Peck didn’t mince words. He calls such persons evil.,,,”evil” people erect so many defenses against self-examination and repentance that these become almost impossible without a miracle of grace.

“People of the lie” embody Aristotle’s teachings on the formation of character. They don’t wake up one morning and decide to be cruel. Rather, they accumulate years of decisions to ignore the true good in favor of their own apparent good, until they fully identify their own will with what’s genuinely good.
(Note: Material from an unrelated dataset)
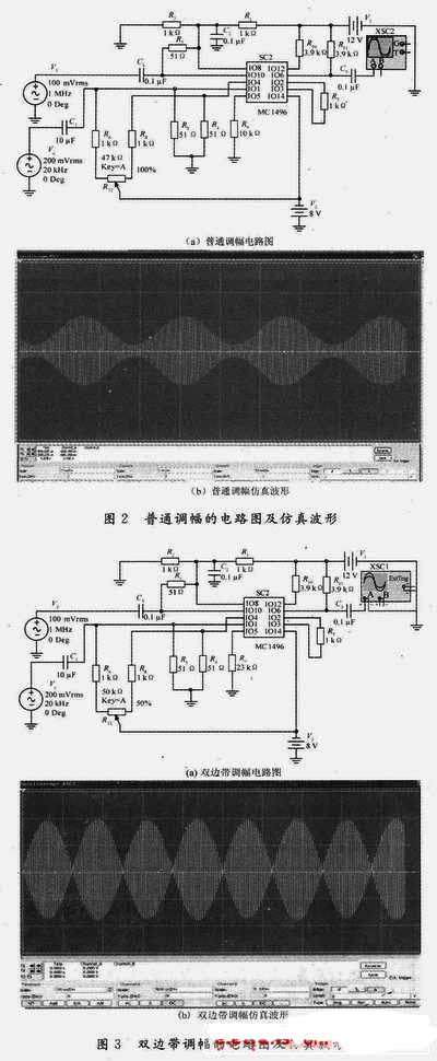 在授課過(guò)程中,對(duì)于電路進(jìn)行理論分析的同時(shí),可通過(guò)Multisim,EWB,PSPICE,SystemView等仿真軟件輔以生動(dòng)的仿真演示,實(shí)現(xiàn)理論講解和驗(yàn)證的同步進(jìn)行,不僅能增強(qiáng)教學(xué)的直觀性與靈活性,而且能夠最大限度地利用有限的授課學(xué)時(shí),加深學(xué)生對(duì)基本理論知識(shí)的理解,為傳統(tǒng)的教學(xué)方法注入活力。例如,可采用非線性器件所構(gòu)造的模擬乘法器MC1496來(lái)實(shí)現(xiàn)信號(hào)調(diào)幅、檢波、混頻、鑒相等電路,其原理在很多文獻(xiàn)書籍當(dāng)中均有描述,通過(guò)仿真演示可使學(xué)生更加直觀的了解。

As Peck notes, this reveals itself as a preoccupation with appearances: “While they seem to lack any motivation to be good, they intensely desire to appear good. Their ‘goodness’ is all on a level of pretense. It is, in effect, a lie”. The evasion of truth soon makes their entire lives little more than an intricate ruse.

For these morally crippled creatures, the pretense of goodness salves the scars of conscience that do exist, but that have been routinely ignored and abused. “The central defect of the evil [person] is not the sin but the refusal to acknowledge it.” We all sin, of course, but the unwillingness to take any responsibility for our sins implies a more deeply damaged spirit. And so the evil person doubles down on his or her lies by cultivating false appearances and scapegoating the innocent.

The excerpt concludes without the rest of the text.